▶ **Action item**
For this exercise, write out only the lines of the entries below from the one with "Alle Vorbereitungen getroffen, Rennräder" up to and including the one with "由于比亚迪、理想汽车等车企的", exactly as they are. Pictures stay out.

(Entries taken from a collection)

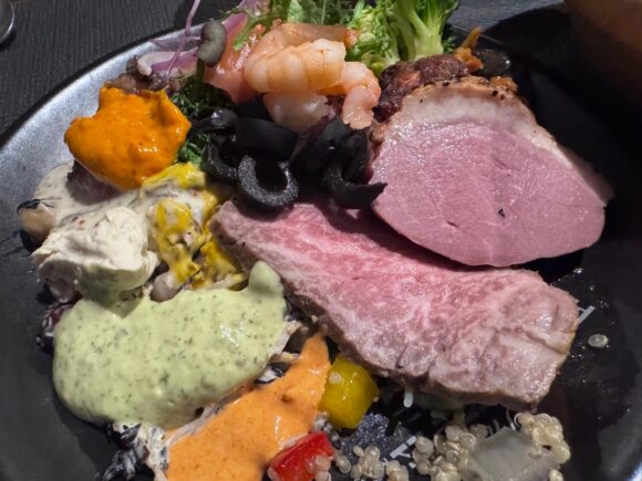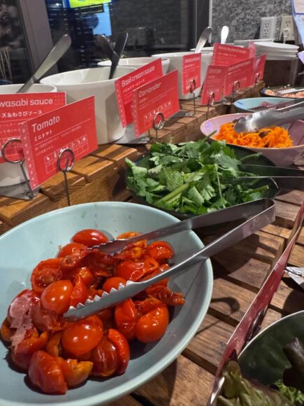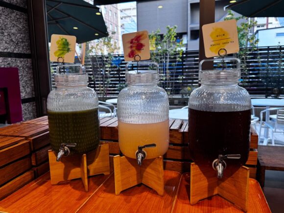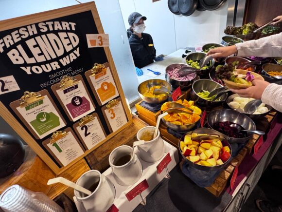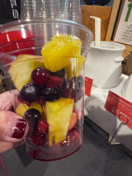 ちなみにさっきのサラダのところに果物もあって、それらを合わせてスタッフさんにお渡しすると、専用マシンでスムージーにしてくれます。
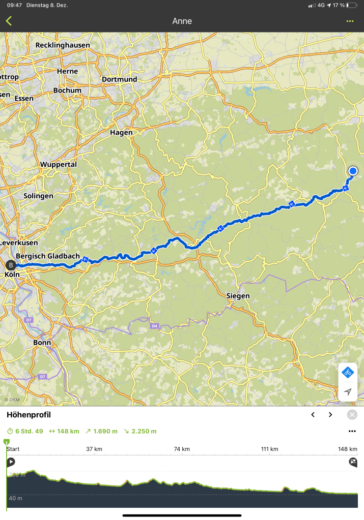 Alle Vorbereitungen getroffen, Rennräder fertig, Rucksäcke gepackt und am frühen Morgen geht‘s los. Es ist zwar frisch, aber die uns vertraute Strecke führt nach 2 Kilometer durch Grönebach und da darf man sich dann schon warm strampeln bei eine Steigung von 10%. Darauf folgt ein gemächlicher Anstieg, der durch Winterberg führt bis Altastenberg. Dann kommt eine etwas längere Abfahrt, die doch tatsächlich Erinnerungen an Alpenpässe aufkommen lässt. Weiter geht’s landschaftlich sehr schön an Westfeld, Oberhundem und Schmallenberg vorbei in Richtung Olpe. Die meisten Höhenmeter des Tages sind da schon abgestrampelt. Einen Kaffee und ein Leckerchen genießen und weiter. In der Nähe von Engelskirchen haben wir noch versucht, einer Dame mit ihrem MTB zu helfen. Sie hatte einen platten Hinterreifen und kam mit ihre Pumpe nicht klar. Auch wir haben es nicht geschafft und auch unser Werkzeug war für dieses Rad nicht passend. Nachdem wir ihr geraten haben, doch zur nächsten Tankstelle zu gehen, sind wir dann weiter gefahren. Der Weg lief schön an der Agger entlang, das Wetter war angenehm und es war nicht mehr ganz so weit. Optimal, um die letzten Kilometer schön locker zu Ende zu fahren 😁 Doch da hatte Komoot noch was anderes in Petto für uns: obwohl die Straße, auf der wir fuhren, die Kölnerstrasse war, sollen wir rechts abbiegen und nach Hohkeppel fahren. Hoh bedeutet hier unmissverständlich HOCH!! 120 Höhenmeter verteilt auf einen knappen Kilometer. Nicht „in the mood“ für sowas, bedeutet bei Martin…
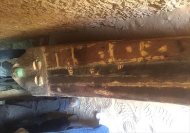 وأشار إلى أنها توابيت ملونة بألوان زاهية ومزخرفة بزخارف متنوعة، يحتوي بعضها على شريط طولي بالكتابة الهيروغليفية يتوسط غطاء بعض تلك التوابيت، كما تم العثور على العديد من أوجه الأقنعة الخشبية والطينية الملونة.
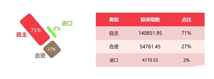 由于比亚迪、理想汽车等车企的投诉指数上涨,自主车企的投诉指数占比由去年的62%上升至71%;合资车企的投诉占比相应由去年的35%下降至今年的27%。与此同时,进口车的投诉指数也同比小幅下滑了1个百分点。
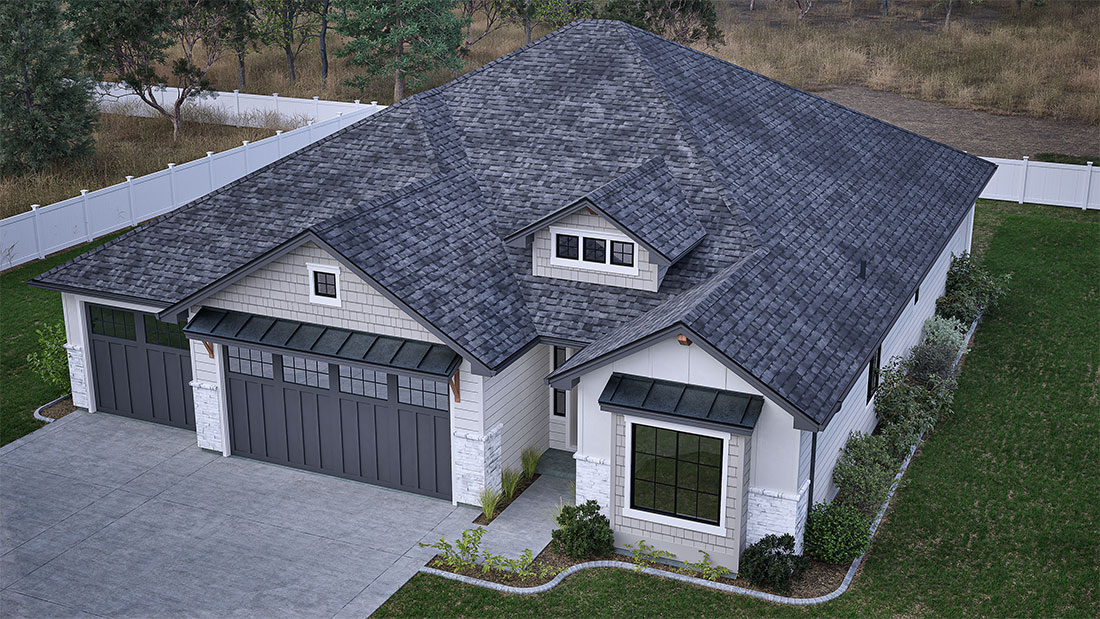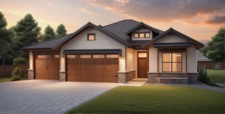 This inviting cottage-style home combines modern amenities with rustic charm. The exterior features a combination of light stonework and shingle siding, accented by dark, sophisticated garage doors and window trim. Its symmetrical design and gable roof lines add classic appeal, while large windows flood the interior with natural light. A welcoming front porch and well-manicured landscaping enhance the curb appeal. Ideal for modern families, this home offers a balance of functionality and style with a cozy, timeless feel.
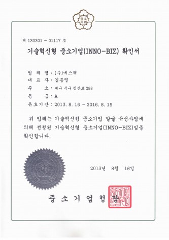 등록증 및 특허증
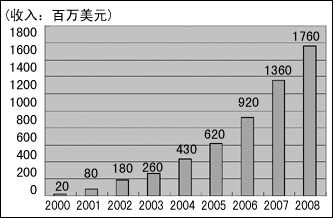 IP PBX亞太市場2000年~2008年預(yù)測增長圖
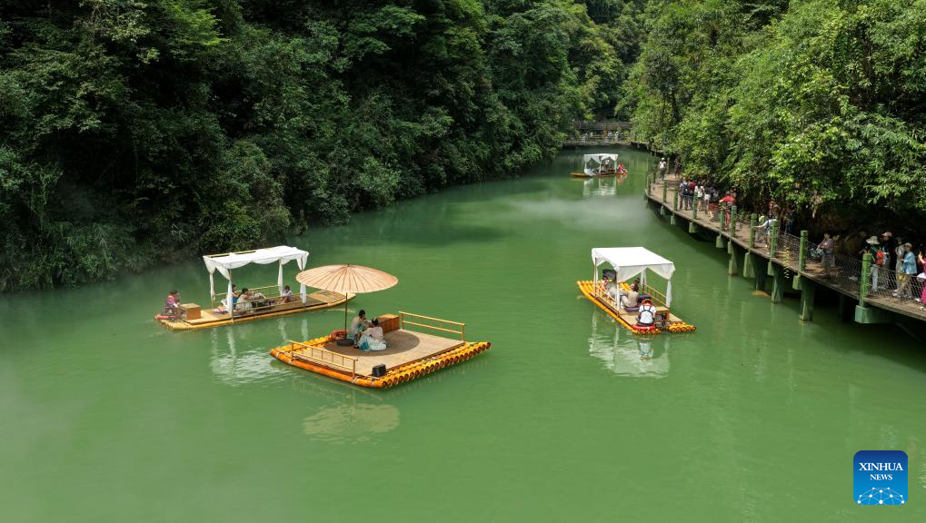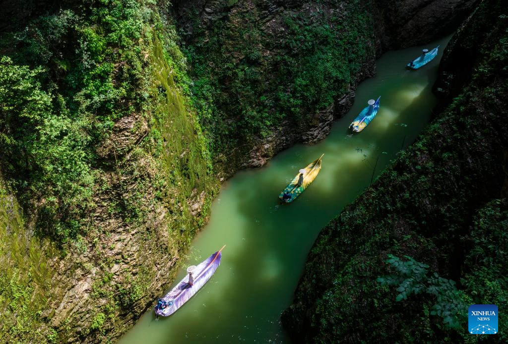 Tourists take boats enjoying the view of Pingshan canyon in Hefeng County, Enshi Tujia and Miao Autonomous Prefecture, central China's Hubei Province, July 9, 2025. The unique canyon landscape and limpid water make the Pingshan Canyon an attractive destination for tourists. (Xinhua/Wu Zhizun)

▶ **Exercise solution**
 Alle Vorbereitungen getroffen, Rennräder fertig, Rucksäcke gepackt und am frühen Morgen geht‘s los. Es ist zwar frisch, aber die uns vertraute Strecke führt nach 2 Kilometer durch Grönebach und da darf man sich dann schon warm strampeln bei eine Steigung von 10%. Darauf folgt ein gemächlicher Anstieg, der durch Winterberg führt bis Altastenberg. Dann kommt eine etwas längere Abfahrt, die doch tatsächlich Erinnerungen an Alpenpässe aufkommen lässt. Weiter geht’s landschaftlich sehr schön an Westfeld, Oberhundem und Schmallenberg vorbei in Richtung Olpe. Die meisten Höhenmeter des Tages sind da schon abgestrampelt. Einen Kaffee und ein Leckerchen genießen und weiter. In der Nähe von Engelskirchen haben wir noch versucht, einer Dame mit ihrem MTB zu helfen. Sie hatte einen platten Hinterreifen und kam mit ihre Pumpe nicht klar. Auch wir haben es nicht geschafft und auch unser Werkzeug war für dieses Rad nicht passend. Nachdem wir ihr geraten haben, doch zur nächsten Tankstelle zu gehen, sind wir dann weiter gefahren. Der Weg lief schön an der Agger entlang, das Wetter war angenehm und es war nicht mehr ganz so weit. Optimal, um die letzten Kilometer schön locker zu Ende zu fahren 😁 Doch da hatte Komoot noch was anderes in Petto für uns: obwohl die Straße, auf der wir fuhren, die Kölnerstrasse war, sollen wir rechts abbiegen und nach Hohkeppel fahren. Hoh bedeutet hier unmissverständlich HOCH!! 120 Höhenmeter verteilt auf einen knappen Kilometer. Nicht „in the mood“ für sowas, bedeutet bei Martin…
 وأشار إلى أنها توابيت ملونة بألوان زاهية ومزخرفة بزخارف متنوعة، يحتوي بعضها على شريط طولي بالكتابة الهيروغليفية يتوسط غطاء بعض تلك التوابيت، كما تم العثور على العديد من أوجه الأقنعة الخشبية والطينية الملونة.
 由于比亚迪、理想汽车等车企的投诉指数上涨,自主车企的投诉指数占比由去年的62%上升至71%;合资车企的投诉占比相应由去年的35%下降至今年的27%。与此同时,进口车的投诉指数也同比小幅下滑了1个百分点。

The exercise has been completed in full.